Showing posts with label ANGER. Show all posts
Showing posts with label ANGER. Show all posts

Friday, March 14, 2014

INFERTILITY NEWS, FACTS AND VEIWS : Dealing with a miscarriage



A miscarriage is a very distressing experience to deal with, to say the least. When a woman learns that she has miscarried or is about to experience one, the first emotion she feels is shock, can this really be happening? I don’t understand, I took care of myself, I did everything right. Is this a nightmare, I really want to wake up now.
Some of the other emotions which immediately follow are anger, (most times this anger is directed at God, how could you allow this to happen to me, you ask), guilt, sadness, depression and difficulty concentrating. The latter is, I believe, why women are put on leave during this period, because they won’t be as alert at their jobs.
The bonding between a mother and her baby begins at the very first sight of a positive pregnancy test, therefore even if the miscarriage is an early term one, it is still devastating. After the initial emotions felt upon  learning of the loss, others such as fatigue, trouble sleeping, loss of appetite and lots of crying usually set in. Some women might even go to the extreme, like thoughts of suicide. like I did.
The grieving process then, involves 3 steps:-
Step 1. Shock/Denial – Is this really happening, I did everything right..
Step 2. Anger/Guilt/Depression - , Why is this happening to me? (And especially if, like me, you have had to deal with infertility) I came so close in actually realizing my dreams, I will be so sad and depressed for a while.
Step 3. Acceptance : Well, the Lord giveth and he taketh away, I might as well accept this and look towards a better plan he has for me.. Other women have experienced this and they made it through.
Please note,  there is no set timeframe for each step because you may suffer setbacks along the way.
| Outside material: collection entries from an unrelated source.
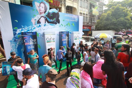 သၾကၤန္ရက္မ်ားတြင္လည္း Clear မွ Clear ေခါင္းေလွ်ာ္စက္ၾကီးမ်ား လာေရာက္အသုံးျပဳသူေတြကုုိ Clearရဲ႕ အသိအမွတ္ျပဳ ေဗာက္ေပ်ာက္ေခါင္းေလွ်ာ္ရည္မ်ား ျဖစ္တဲ့ Ice Cool Menthol နဲ႔ Clear Men Shampoo ေတြကို လက္ေဆာင္အျဖစ္ ေပးအပ္ခဲ့ပါတယ္။ လာေရာက္သူေတြကလည္း ေခါင္းေလွ်ာ္စက္ၾကီးမ်ားတြင္ အခမဲ့ ေခါင္းေလွ်ာ္ခဲ့ၾကျပီး ေပ်ာ္စရာဓာတ္ပုုံမ်ားလည္း အတူတကြ ရုုိက္ခဲ့ၾကပါတယ္။
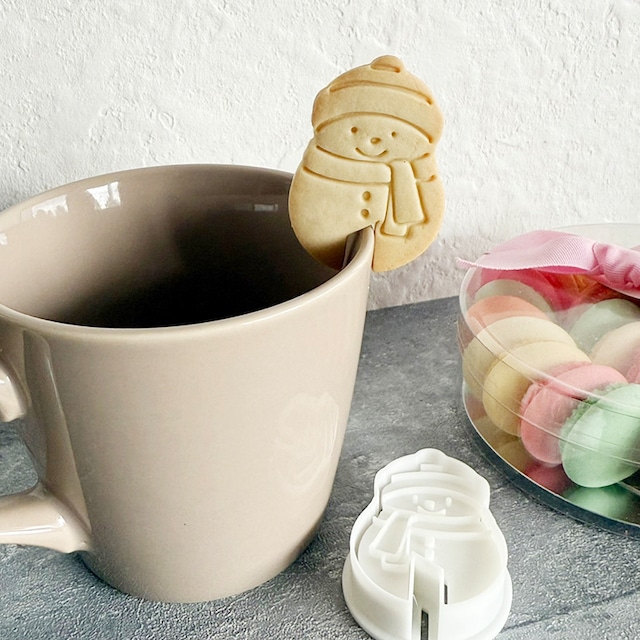 スノーマンのクッキー型 カップに引っ掛けられるクッキーです。 スタンプ付きなのでそのまま型抜きでも、アイシングしてカラーにしても 可愛くお使いいただけます。 押し出し用のプレーンな型を使うと、フレームからクッキーを押し出しやすくなります。 ※裏側に持ち手がついています。 【商品内容】 クッキー型 外枠1個+スタンプ1個 ※生地を簡単に押し出すためのプレーンな押し型はオプションです。 【サイズ】 クッキー型外枠の内寸です 約5cm 【素材】 PLA(植物由来のプラスチック) 【ご使用上のご注意】 プリンタの特性上、ざらつきや小さな隙間があったり、細い糸が残ることがあります。 細い線や細かい部分の破損にお気をつけください。 スタンプ型は細かい作りになっていますので、1度粉をはたいてから抜くと綺麗に抜けやすくなります。 電子レンジ、オーブン、食洗機にはお使いいただけません。 熱に弱いので、火気のそばには置かないでください。 -------------------------------------------------------------------------- ※プリンターの造形時特有のざらつき、小さな隙間、細い糸が残っている事がありますが異常ではありません。 ※造形層など気になる方は購入をおすすめできません。 ※細かいイラストで制作しているので、層の隙間にクッキーが入り込むことがあります。 ※イラストレーターとのコラボ作品の多くはイラストの良さを損なわないように 曲線をそのまま使っています。 正円、直線、左右対称ではないことをあらかじめご理解ください。 ※丁寧にお作りしておりますが、ハンドメイドな為接着剤のはみ出しやズレが微妙にある場合がございます。 (取れにくいように食品衛生法適合の接着剤で多めに使用しております) 取れてしまった場合は、申し訳ございませんがお手持ちの接着剤などでとめてください。 ※小さなパーツを使用している場合もございますので、お子様の誤飲などにも注意してください。 -------------------------------------------------------------------------- クッキー型 クッキー クリスマス マグカップ リース Merry Christmas クリスマス飾り 手作りおやつ オーナメント ふちクッキー クッキー型 クッキー クリスマス マグカップ リース Merry Christmas クリスマス飾り 手作りおやつ オーナメント
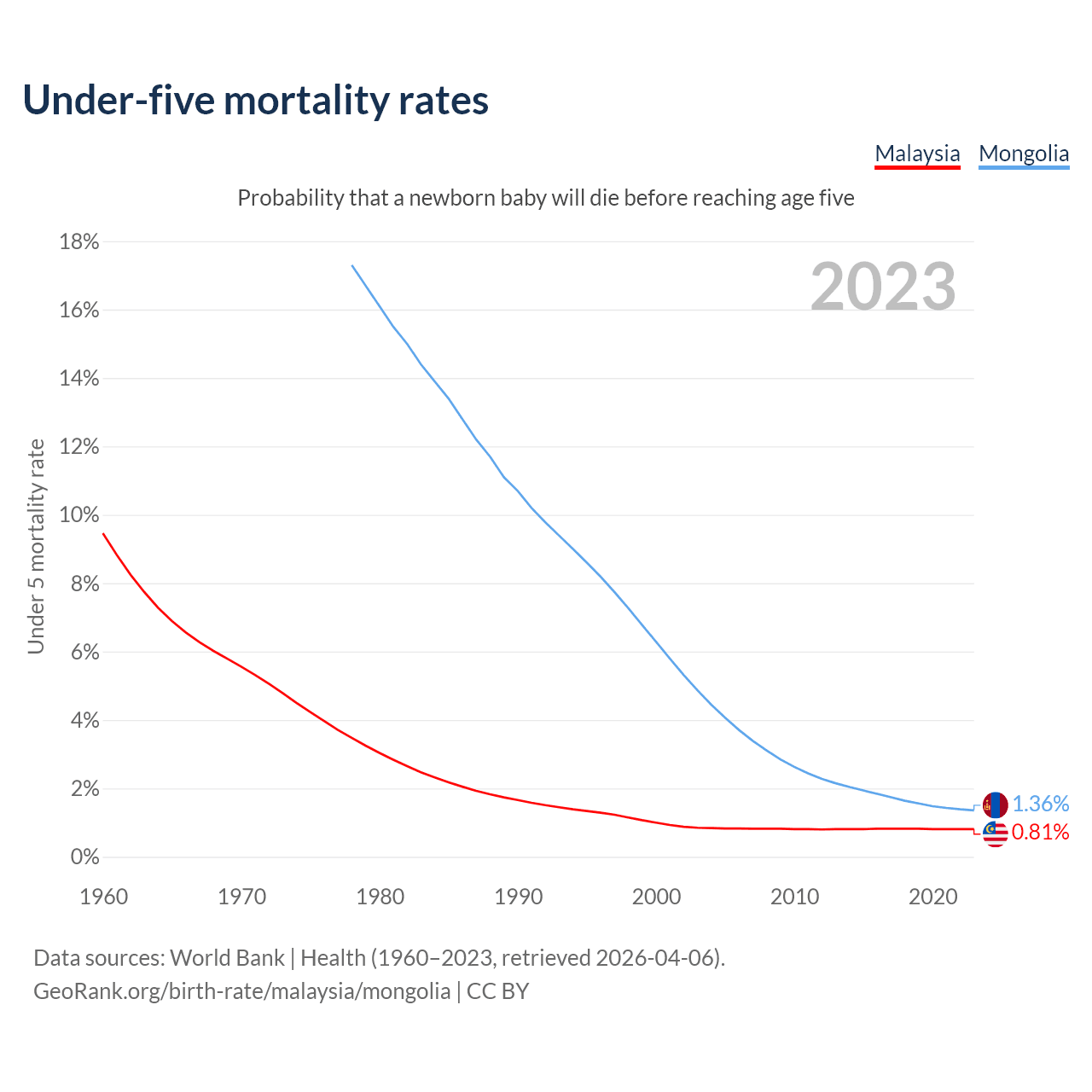 The chance that a newborn baby will die before reaching age five is 0.81% in Malaysia and 1.36% in Mongolia. Above is a chart with historical data on under-five mortality rates.
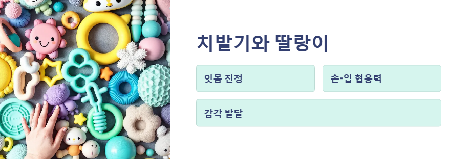 치발기와 딸랑이는 아기가 이가 나기 시작할 때 유용합니다. 이 제품들은 아기의 잇몸을 진정시키고, 손과 입의 협응 능력을 발달시키는 데 도움을 줍니다. 다양한 질감과 소리를 가진 제품들이 많아 아기의 감각 발달에도 기여합니다.
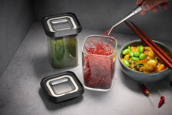 Des Weiteren kann die Vorratsdose für Gewürze und Kräuter zum Einsatz kommen. Drei Haftetiketten zum Beschriften werden mitgeliefert. Die Box ist platzsparend stapelbar und luftdicht. Reinigen lässt sie sich ganz bequem in der Spülmaschine.
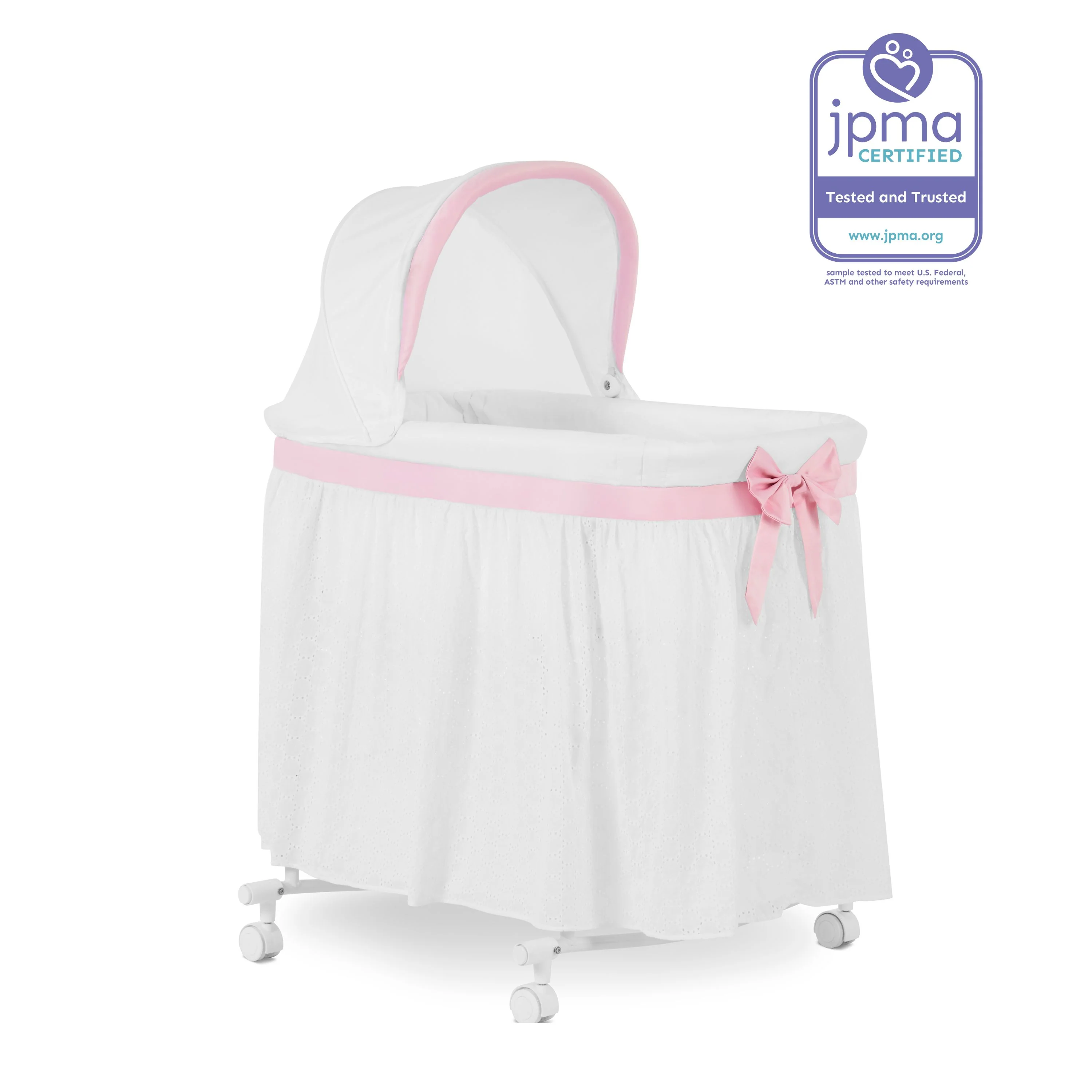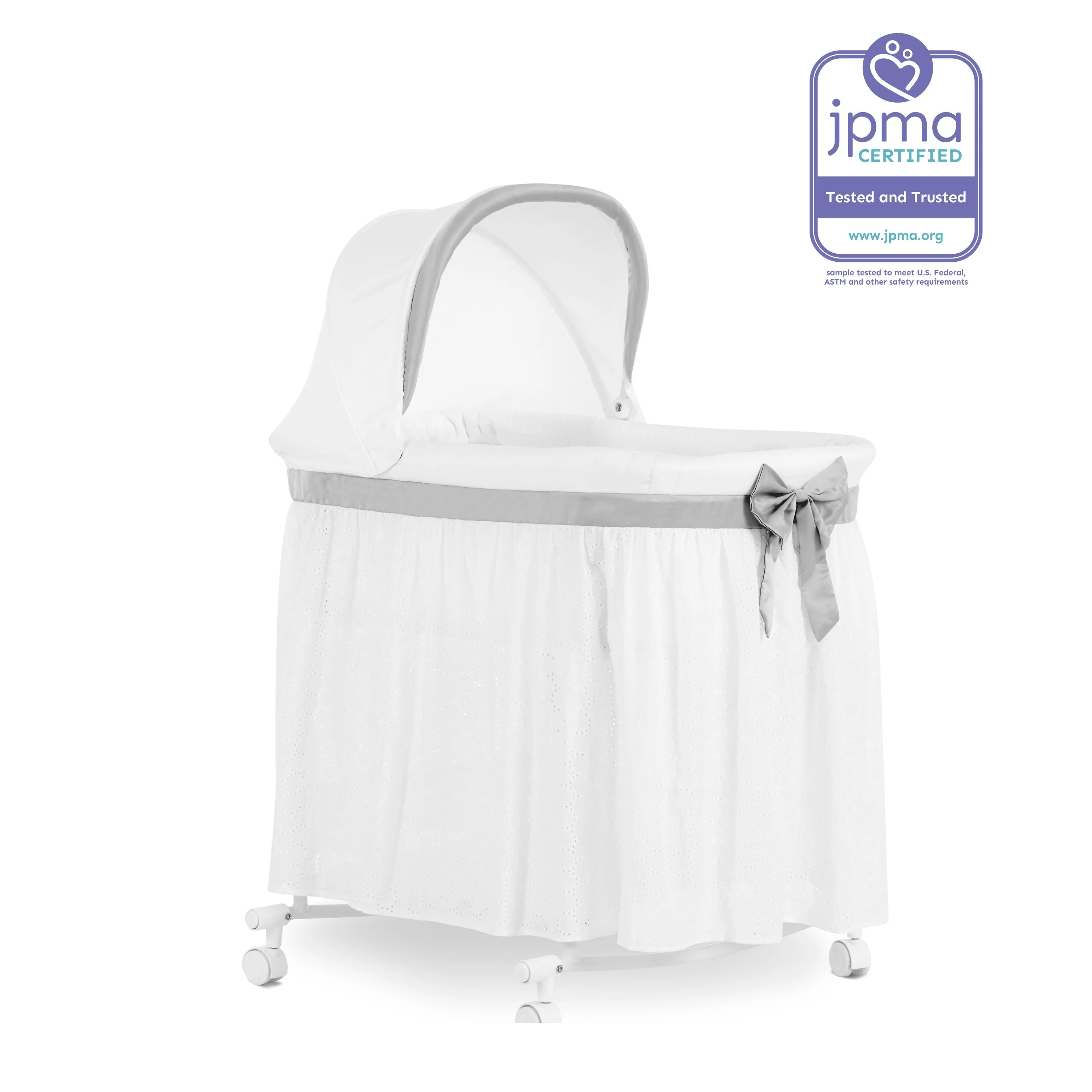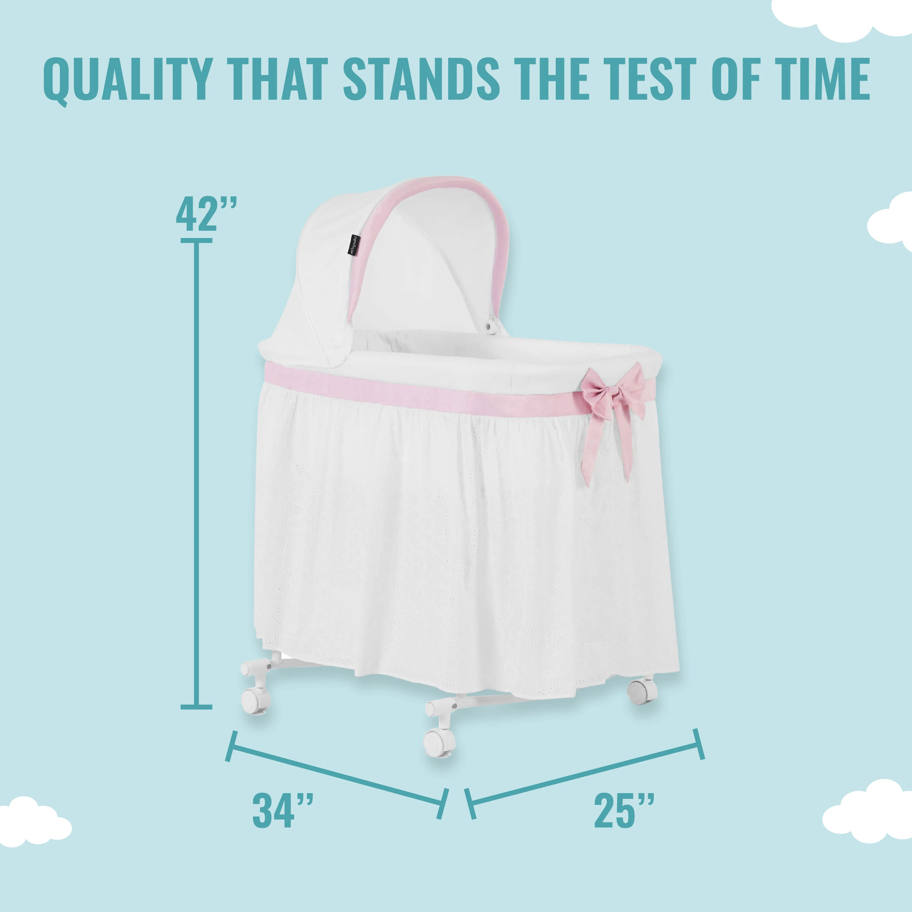 - This bassinet adds a touch of elegance to your nursery decor. Product dimensions are 33” L X 26” W X 42.3” H, with a weight of 12.5 Lbs and a maximum weight capacity of 33 Lbs.

Certain things like baby showers/christening, visits to your OB/GYN, insensitive comments etc might hamper your grieving process.
It is important as you survive your miscarriage to  reach out to those closest to you. Ask for comfort,  support. and understanding. Surround yourself with positive people and seek professional help if necessary, for yourself and your partner. Most importantly, allow yourself time to grieve and hold firmly to the memories of your experience.; how you celebrated when you first saw the positive on the pregnancy test, your friends and family’s reaction when you broke the news to them and the attention you received as your pregnancy progressed..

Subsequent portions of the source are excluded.